# Evaluation

## Claim upgrade rules

Claims upgrade only after the relevant phase proof gate passes and evidence is recorded.

Required proof concepts:

- provider_live: real provider/API behavior is proven. If credentials or paid-service approval are missing, the blocker may apply only to live proof after provider adapters, config contracts, deterministic test doubles, error handling, and integration tests exist.
- durable_persistence: state survives readback/reload/restart where durability is claimed.
- security_boundary: auth, project/episode scope, secrets, destructive actions, media paths, and unsafe input paths are reviewed.
- no_fake: no static shell, fake green test, placeholder provider, no-op control, in-memory-only demo, generic graph demo, or static card board is claimed as production behavior.
- clean_room_implementation_trace: implementation does not depend on opening the original source repo as implementation input.
- production_readiness: auth/session/tenant boundaries, durable persistence, worker/runtime ownership, deployment shape, observability, CI/e2e gates, and security controls are implemented or explicitly blocked without downgrading scope.
- visual_quality_gate: the first viewport presents a coherent storyboard workbench with ordered shot frames, selected-frame inspector, media/review states, unobstructed canvas controls, and no generic dashboard/graph-demo fallback.

## Loop completion rule

A phase is complete only when:

- observe/plan/execute/verify/reflect/record loop completed at least once
- verification evidence exists
- phase proof gate passes, or an honest blocker is recorded only for unavailable live credentials, external services, paid-service approval, browser tooling, screenshot tooling, or deployment authorization
- blocker/unknowns are not hidden
- failed gates are repaired or routed correctly

## Phase state model

- `checkpoint_recorded`: at least one valid runtime evidence row exists for the phase. This proves evidence discipline only.
- `phase_core_passed`: the phase-owned local vertical path works end to end with matching tests/proof, including UI action/state-transition proof for UI-bearing phases.
- `claim_qualified`: the specific live-provider, browser/e2e, screenshot, deployment, security, worker, or data-lifecycle claim has matching executable proof and may upgrade.

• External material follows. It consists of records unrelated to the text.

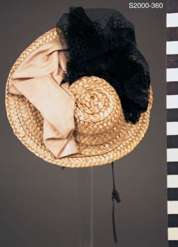 Strohoed met zwarte tule en oud-roze lint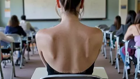 Anya is sitting in the classroom in a Raserback top. Bare back, rear view.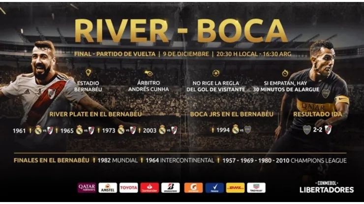 Telemundo Deportes has acquired the Spanish-language rights in the United States along with FOX Deportes for the historic River Plate-Boca Juniors Copa Libertadores final, which will be played on Sunday, December 9 live from Santiago Bernabéu Stadium in Madrid, Spain.

Do not treat `checkpoint_recorded` as `phase_core_passed`. Do not treat `phase_core_passed` as `claim_qualified`.

## Evidence requirements

Each evidence row must include phase id, proof type, provider mode, status, source/command summary, claim proven or blocker, and whether it upgrades a claim.

## Blocker honesty

A blocker preserves scope. Do not silently downgrade the product, hide missing proof, skip required UI states, or call deterministic adapters live providers.

## Continuation versus qualification

Some blockers prevent claim qualification without blocking later implementation. Missing live credentials, unavailable browser/e2e tooling, screenshot tooling, deployment authorization, or external services should be recorded as non-upgrading blocker rows and may set `blocks_continuation: false` when the phase's core local implementation path, persistence, safety checks, and runtime/API proof passed.

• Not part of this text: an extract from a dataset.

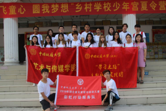 九里阳光连续七年前往湖北秭归茅坪镇九里小学支教,今年通过与省妇联,宜昌市妇联取得联系,经其推荐,承接妇联“彩虹行动”、“关爱留守儿童计划”,更改支教地点前往九畹溪镇仙女村进行艺术支教,发挥专业特色,关爱留守儿童。开展以“艺心筑梦,同沐阳光”为主题的为期9天的暑期文艺社会实践活动。

Do not use `blocks_continuation: false` for failed core implementation, failed owned persistence, failed local runtime/API proof, unresolved destructive/security ambiguity, missing required project structure, or any condition that makes downstream phases unsafe or invalid.

## Visual quality gate

- visual_quality_gate upgrades only after browser/screenshot evidence is reviewed against the active UX contract and no blocking local-MVP, default-control, generic dashboard, raw text-list, bare graph demo, static card board, or storyboard-specific defect remains.